┌──
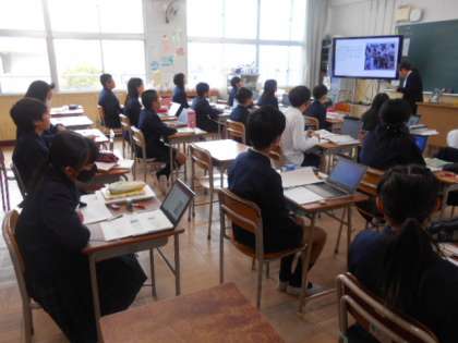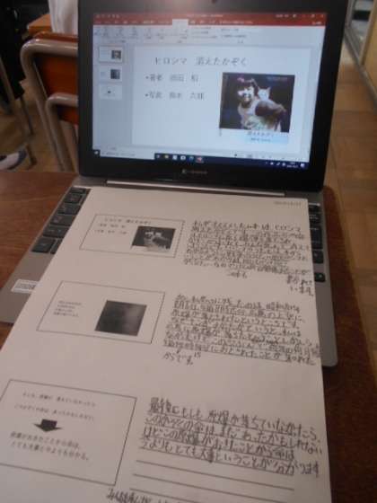 関連する作品を読んで紹介しよう 公開日 2023/11/27 更新日 2023/11/27 6年 6年生は国語科「ヒロシマのうた」を学習し、関連する作品をお友だちに紹介する取り組みをしていました。パワーポイントで、「作品の内容」「心に響いた文章や言葉」「自分の考え」を発表します。聴き手は「作品の良さが伝わったか」ノートに2行書きます。自分の素直な言葉で、相手に訴えるように発表していました。 いいね(0)
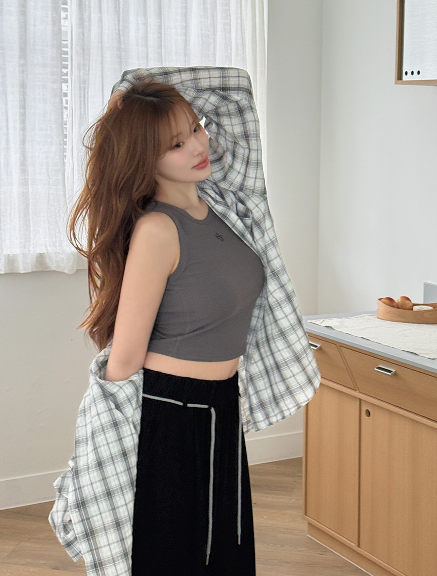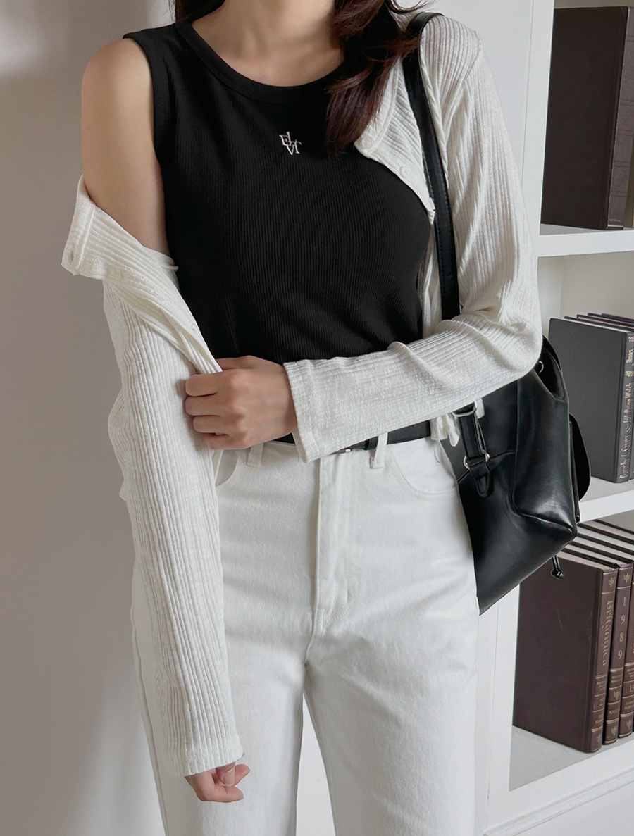[EVELLET]Ondia Length Ribbed Embroidery Sleeveless
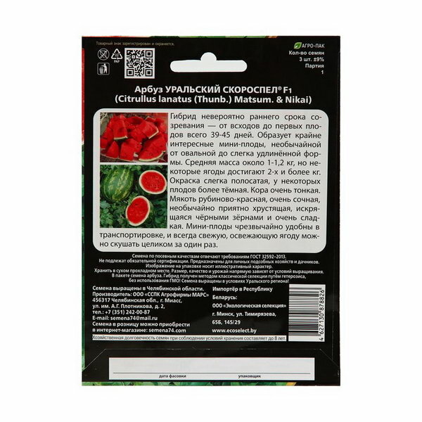 Семена Арбуз "Уральский Скороспел", F1, 3 шт, 1 упак.
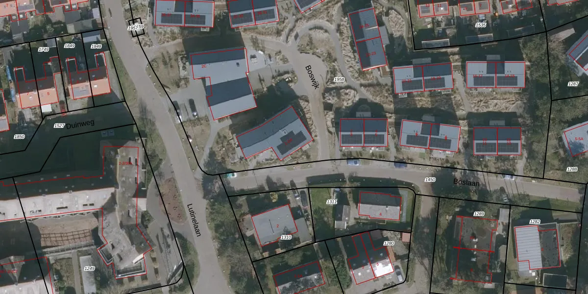 Boslaan 1-B is gelegen op kadastraal perceel VLD01A1958. Deze kadastrale aanduiding is uniek en wordt gebruikt door het Kadaster om eigendomsrechten en andere zakelijke rechten vast te leggen. Het perceel maakt onderdeel uit van de kadastrale gemeente Vlieland.
└──
Exercise brief
The expected output is every line of the data, unchanged, with the pictures skipped.

Task response
 関連する作品を読んで紹介しよう 公開日 2023/11/27 更新日 2023/11/27 6年 6年生は国語科「ヒロシマのうた」を学習し、関連する作品をお友だちに紹介する取り組みをしていました。パワーポイントで、「作品の内容」「心に響いた文章や言葉」「自分の考え」を発表します。聴き手は「作品の良さが伝わったか」ノートに2行書きます。自分の素直な言葉で、相手に訴えるように発表していました。 いいね(0)
[EVELLET]Ondia Length Ribbed Embroidery Sleeveless
 Семена Арбуз "Уральский Скороспел", F1, 3 шт, 1 упак.
 Boslaan 1-B is gelegen op kadastraal perceel VLD01A1958. Deze kadastrale aanduiding is uniek en wordt gebruikt door het Kadaster om eigendomsrechten en andere zakelijke rechten vast te leggen. Het perceel maakt onderdeel uit van de kadastrale gemeente Vlieland.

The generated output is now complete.